# nang



## jaypee06

I saw an episode of Filipino ka sabihin mo about "nang" and "ng",  but I totally didn't understand the part on "nang".


----------



## epistolario

1. *Ng* is followed by a noun or pronoun. 
2. *Nang* is followed by a verb. 

(I'm not sure if there are exceptions, or if I missed out on something in #2.) 

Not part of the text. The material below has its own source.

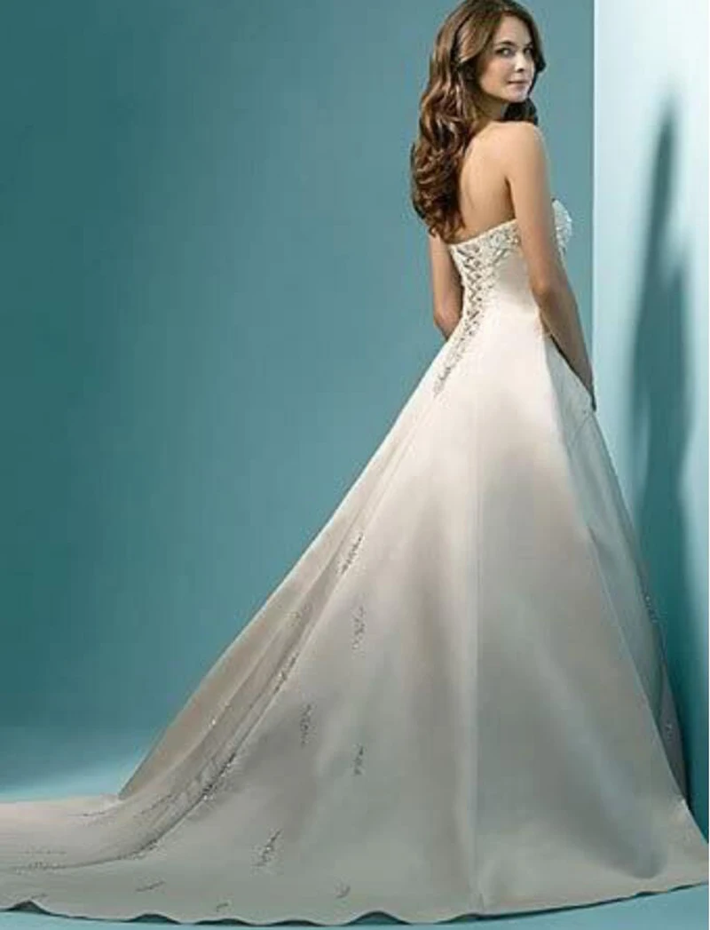 Свадебные платья без бретелек, ТРАПЕЦИЕВИДНОЕ атласное кружевное платье принцессы со шлейфом, Цвет Белыйслоновой кости, 2022

1. Binilhan ako *ng* nanay ko *ng* laruan. 
_My mom had bought me a toy._ 

2. Hindi ako kumakain *ng* gulay. 
_I don't eat vegetables._ 

3. Yumaman sila *nang* nanalo sila *ng* 10 milyong piso. 
_They became rich when they won 10 millon pesos._

4.* Nang* si Hudas ay nadulas, nalagas ang tatlong balbas. (humorous) 
_When Judas tripped and fell, he shed three strands of beard._ 

5. Tago *nang* tago or TNT (popular Tagalog expression for illegal aliens) 
_They keep on hiding._ 

* Except for sentences 4 & 5, *nang* is usually replaced by *nung* in familiar conversations.


----------



## epistolario

*Nang* is also followed by an adjective and an adverb. 

adjective: 

Naglakad siya *nang* nakayapak. 
_He walked barefoot(ed). _

adverb: 

Itiman *nang* husto ang bilog. 
_Shade the circle completely._


----------